Posts from hacking healthcare

The Machine Will See You Now

Siddhartha Mukherjee has a good long read in The New Yorker about machine learning and medical diagnosis this week.

In it, he explores whether machines are going to replace radiologists, dermatologists, etc or help them do their jobs better.

He concludes with this observation:

The word “diagnosis,” he reminded me, comes from the Greek for “knowing apart.” Machine-learning algorithms will only become better at such knowing apart—at partitioning, at distinguishing moles from melanomas. But knowing, in all its dimensions, transcends those task-focussed algorithms. In the realm of medicine, perhaps the ultimate rewards come from knowing together. 

We are very excited about the possibilities of using machine learning to help diagnose medical conditions early when they can be treated successfully. We have made a number of investments in this area and I expect we will make many more.

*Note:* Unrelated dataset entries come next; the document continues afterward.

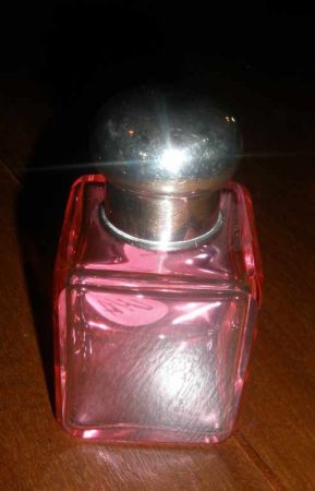 Pink square perfume bottle with silver top - 1 3/4" by 3" Pink square perfume bottle with silver top - 1 3/4" by 3"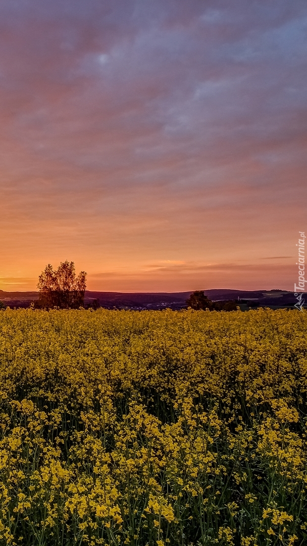 Edytor tapety: Pole rzepakowe o zachodzie słońca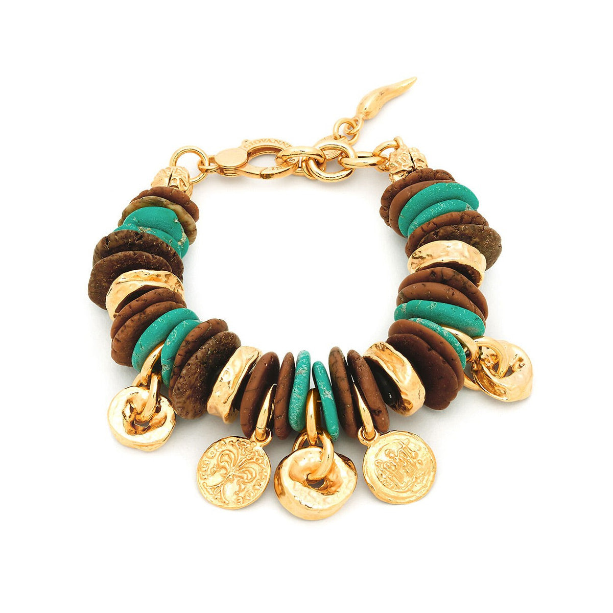 Giovanni Raspini Bali Bracelet in Gold-Plated Sterling Silver with Turquoise and Sand-Coloured Jasper 22cm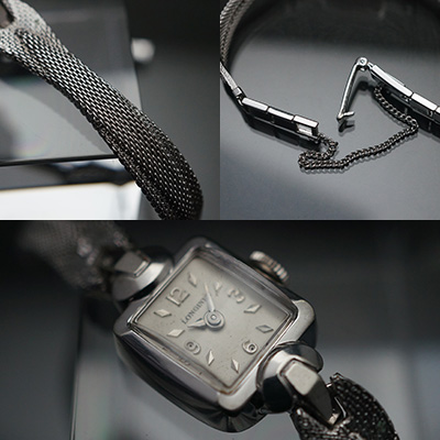 ロンジン社のアンティークウオッチです。全体がシルバーで統一され、シンプルなデザイン。小さめのスクエアフェースが女性らしい、アクセサリーライクな腕時計です。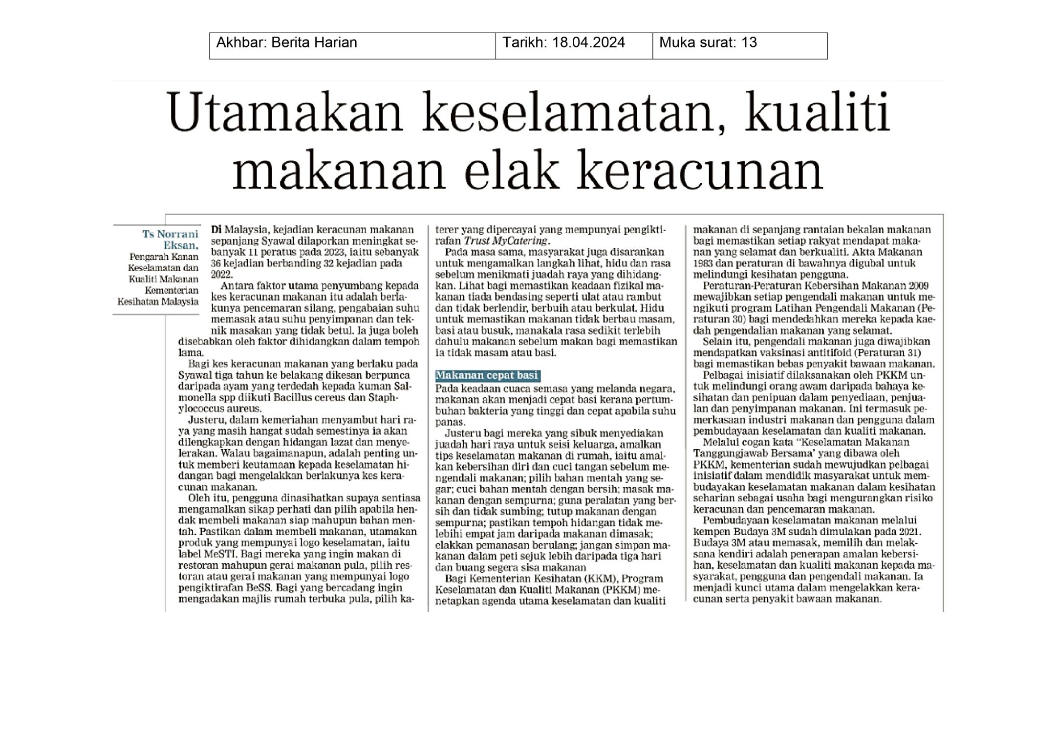 BERITA HARIAN : UTAMAKAN KESELAMATAN, KUALITI MAKANAN ELAK KERACUNAN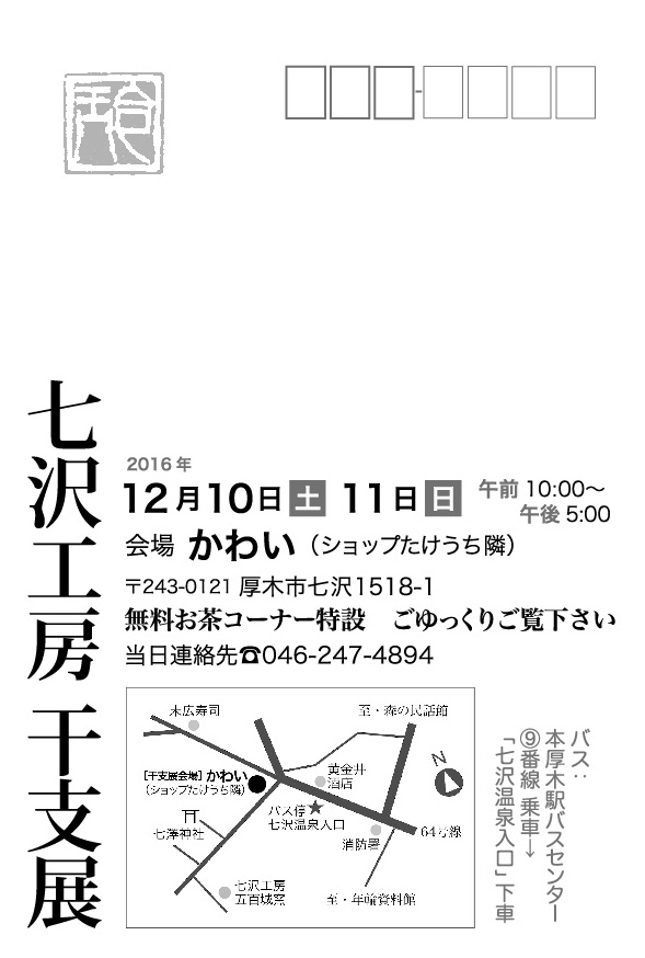 干支展のお知らせ(2016、於:かわい) 2016年12月10日(土)〜11日(日)に "かわい" にて七沢工房干支展を催しますのでお知らせいたします。 会期:2016年12月10日(土)〜11日(日) 時間:午前10時〜午後5時 会場:かわい(厚木市七沢1517-1、ショップたけうち隣) 当日連絡先:046-247-4894(おかけ間違いのないようご注意ください) 無料お茶コーナー特設、ごゆっくりご覧ください。 皆様のご来場、お待ちしております。 以下のリンクをクリック、または二次元バーコードを読み込むことで会場近辺の地図をGoogle Mapで表示できます。 [クリック]Google Mapで表示する [読み取る] ※ 七沢工房の陶芸教室はコロナ禍の影響により現在休止させて頂いております。再開時期は未定なのでお答えできませんがその他お問い合せがありましたら連絡先のページをご覧ください。 コメント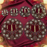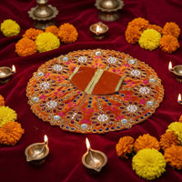 It features heavy stones, pearls, floral thread embroidery and zari detailing, giving it a luxurious divine appearance.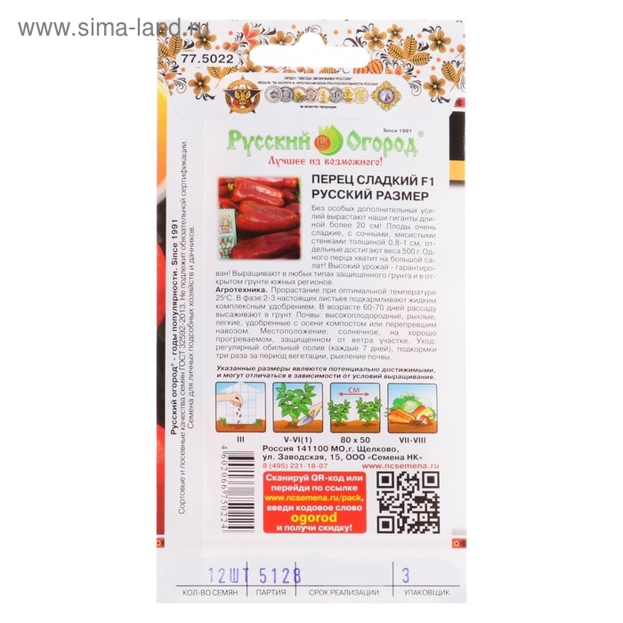 Семена Перец сладкий "XXL" F1, серия Русский размер, 12 шт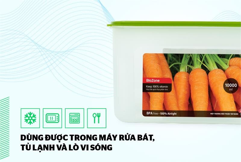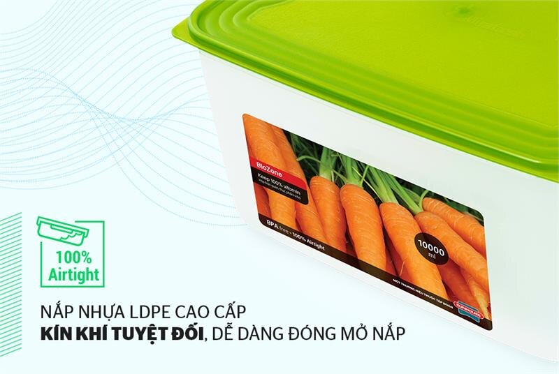Chất liệu nhựa PP còn có tính chất chống thấm O2, hơi nước, dầu mỡ và các khí khác nên giữ được hương vị tươi nguyên nhất của thực phẩm cũng như tránh làm bay mùi ra tủ lạnh (đặc biệt các loại thực phẩm có mùi như cá khô) Nhỏ gọn, tiết kiệm diện tích Với thiết kế hộp chữ nhật nhỏ gọn, dung tích 10000ml, hộp có khả năng bảo quản được một lượng rất lớn thực phẩm khô, giúp bạn sắp xếp thực phẩm ngăn nắp, gọn gàng.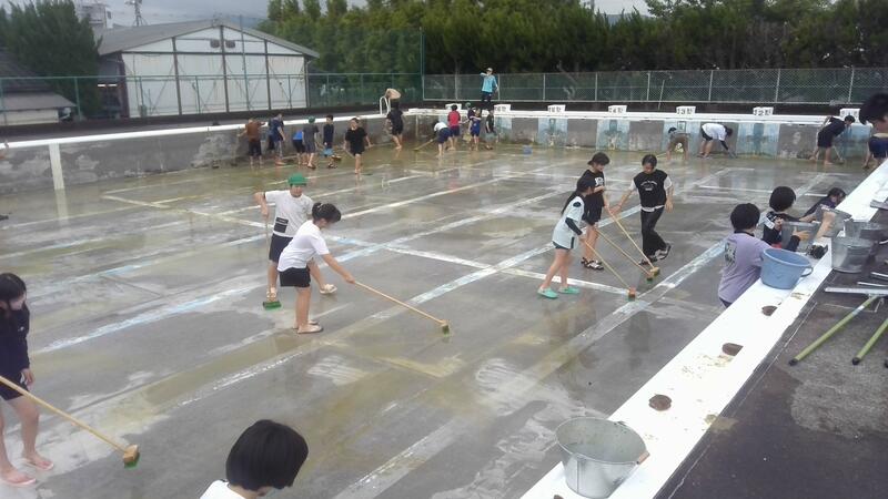 1・2組が小プールと更衣室等を、3・4組が大プールをきれいにしました。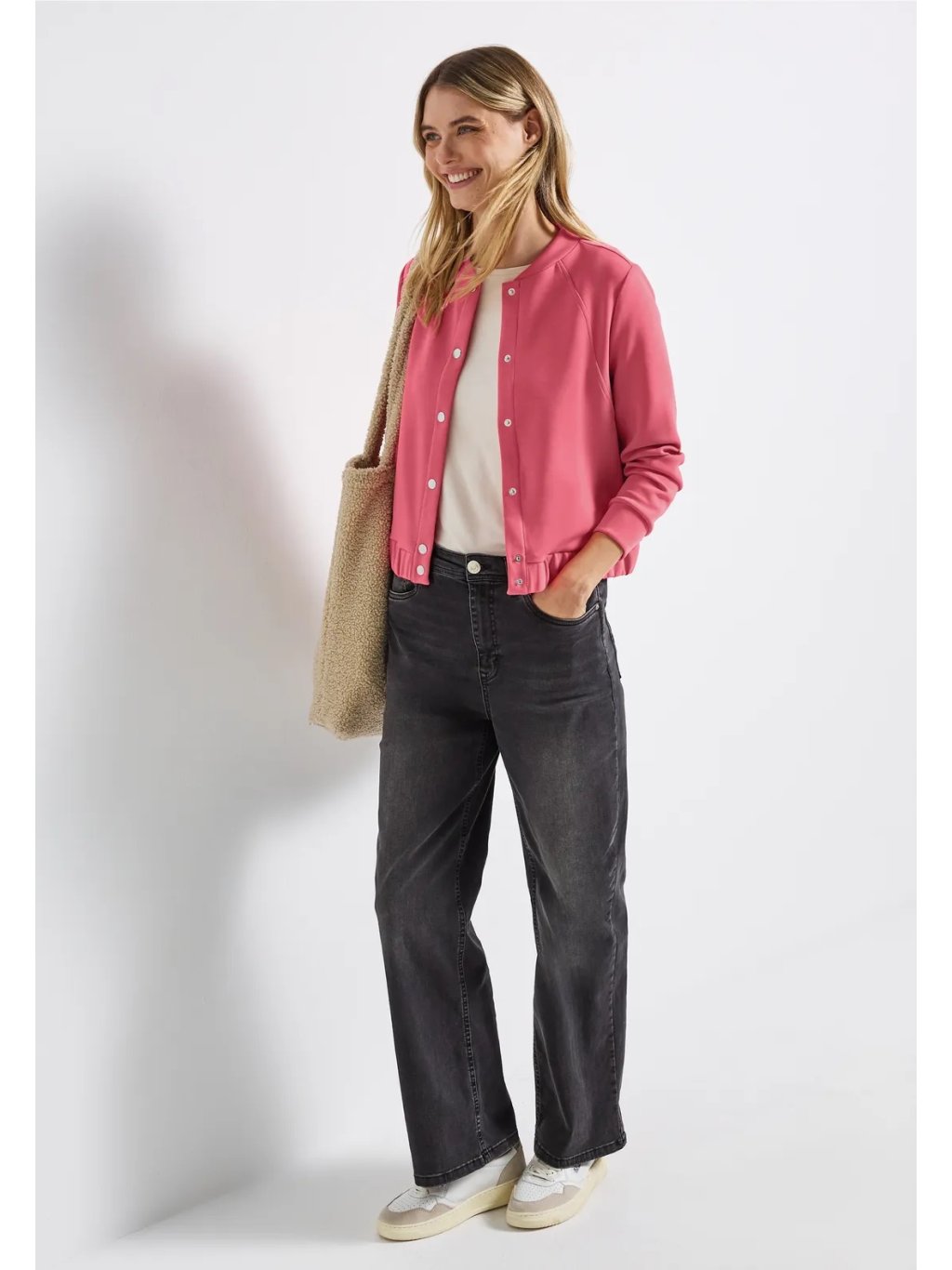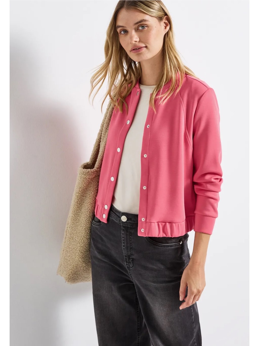 Lehká dámská bunda od značky Street One spojuje elegantní saténový vzhled se sportovním ležérním stylem. Matné knoflíky, kulatý výstřih a elastický spodní lem vytvářejí moderní siluetu, která lichotí postavě. Praktické boční kapsy zajišťují pohodlí při každodenním nošení. Ideální kousek pro stylové outfity v přechodném období.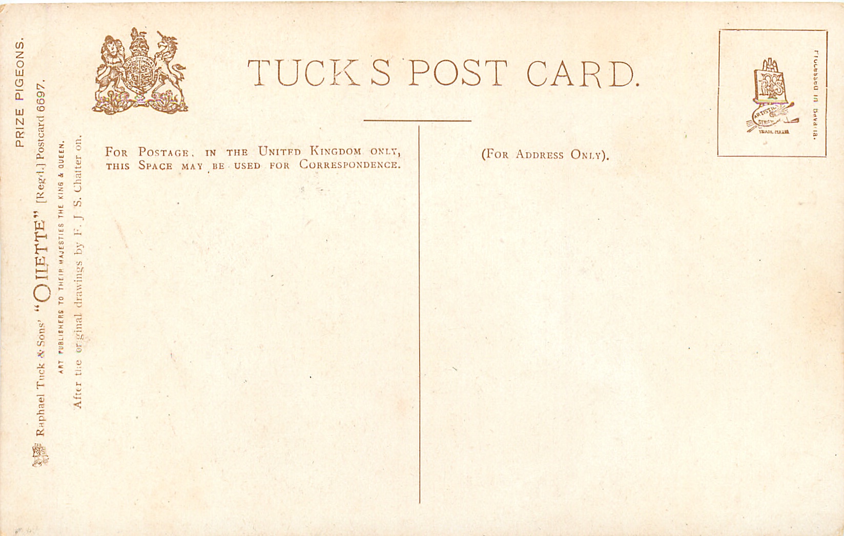 OILETTE, PROCESSED IN BAVARIA (in stamp box), AFTER THE ORIGINAL DRAWINGS BY F.J.S. CHATTERTON, listed in 1908/1909 & 1911/1912 & 1912/1913 POSTCARD Catalogues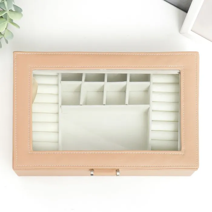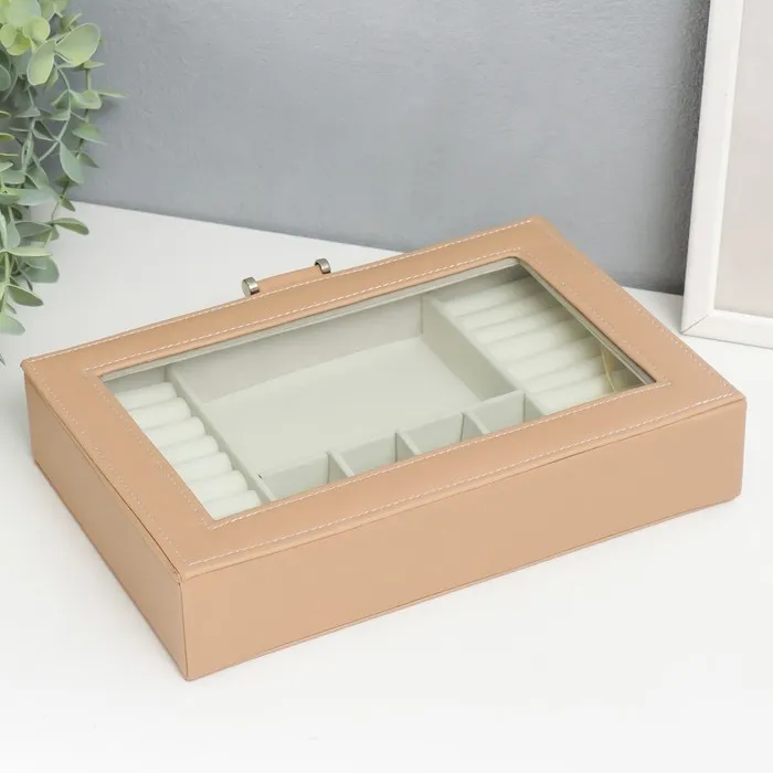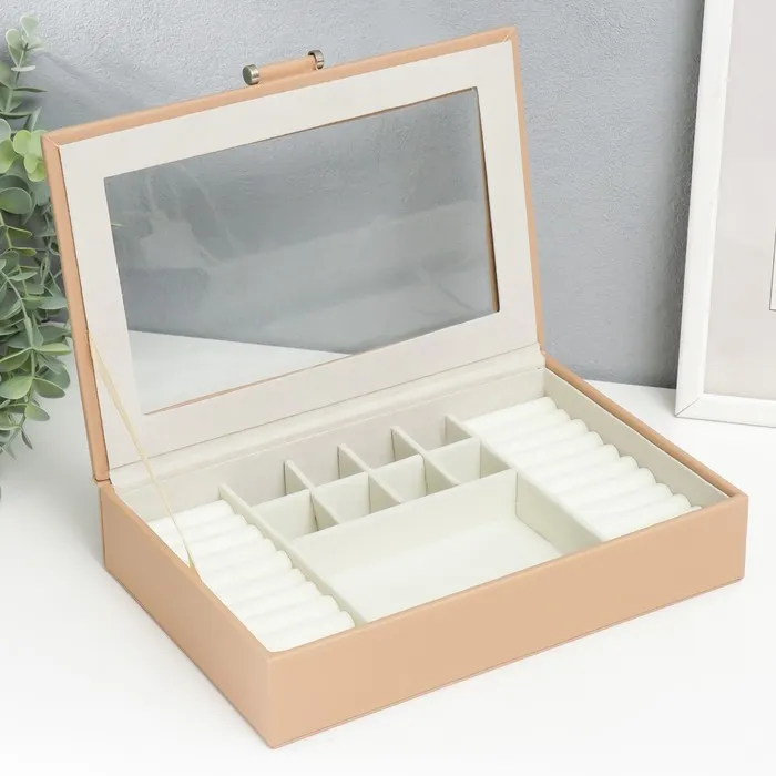 Шкатулка кожзам для украшений "Хэмптонс" бежевая 5,5х27х18 см — Характеристики

I believe that this is the future of medicine and the sooner we get to it the better off everyone, including the practitioners, will be.

#hacking healthcare

Consumer Centric Healthcare

As we think about how to modify the ACA (aka Obamacare) into something different (aka Trumpcare) I would encourage everyone involved to think about one central tenet – put the person/consumer/patient at the center of the system, not the employer, not the insurer, and not the doctor.

I have written a few times about consumer centric healthcare here at AVC. I believe that patients should and will increasingly take control of their health care and that will be a good thing for costs and outcomes.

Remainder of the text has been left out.